Thanks, but no, I did not.
At the risk of sounding like a hypocrite, I do not want to enable other people to “steal” from these companies.
These companies surely do not care if I use their apps for me, because I am just one person among several thousand potential customers. However, if I publish the code, many of these potential customers may stop purchasing their software licenses or subscriptions, and I do not want to be responsible for their loss in revenue.
Also, I spent a lot of hours reverse engineering these apps and their corresponding APIs. I would not get anything out of publishing the code: it will not get me a better job, it will not get me clean money, it will not get me good publicity, it will do no good to anyone other than the people who want to use these apps for free without doing any work.
---
> I have no idea how something like this would be built, especially in a way that it allows checking on telemetry; would be interesting to look at it.

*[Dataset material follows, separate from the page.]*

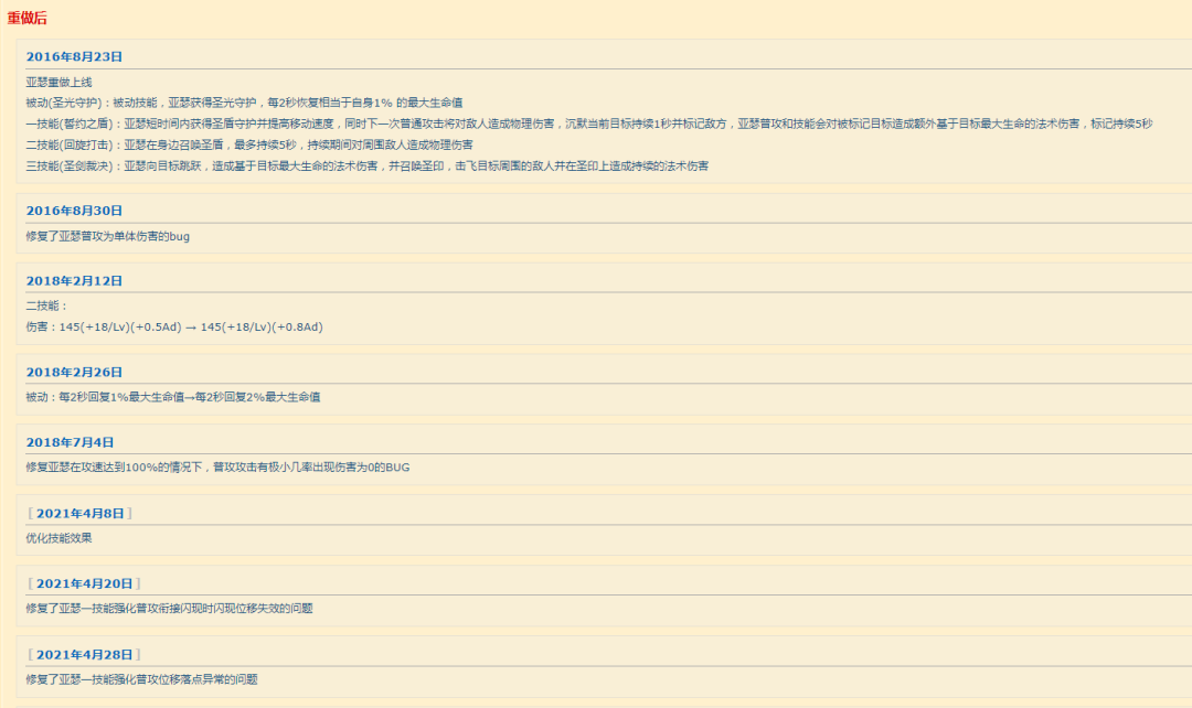 上面是亚瑟自16年后的部分调整记录,清一色的加强和优化,去年下半年甚至还提升了大招的伤害。

For the sake of learning, I will give you some hints: I originally used nginx, then I wrote my own Go program, and nowadays I use envoy proxy, but pretty much any proxy server will do the trick. Then, I created and installed my own Certificate Authority to automatically trust any self-signed certificate. Maybe you can use mkcert for that. That is the easy part. The difficult part(s), and the meat of the solution, is to reverse engineer every app to understand what and how it does things. I have used several disassemblers over the years but the one I like the most is Hopper Disassembler (https://www.hopperapp.com/). You may find API keys, public SSL certificates, JSON field names, form field names, etc. and you simply need to put the pieces together to re-implement the API endpoint(s) that the app expects to use.
Sometimes it is very easy, sometimes it is very difficult. You will learn a lot for sure.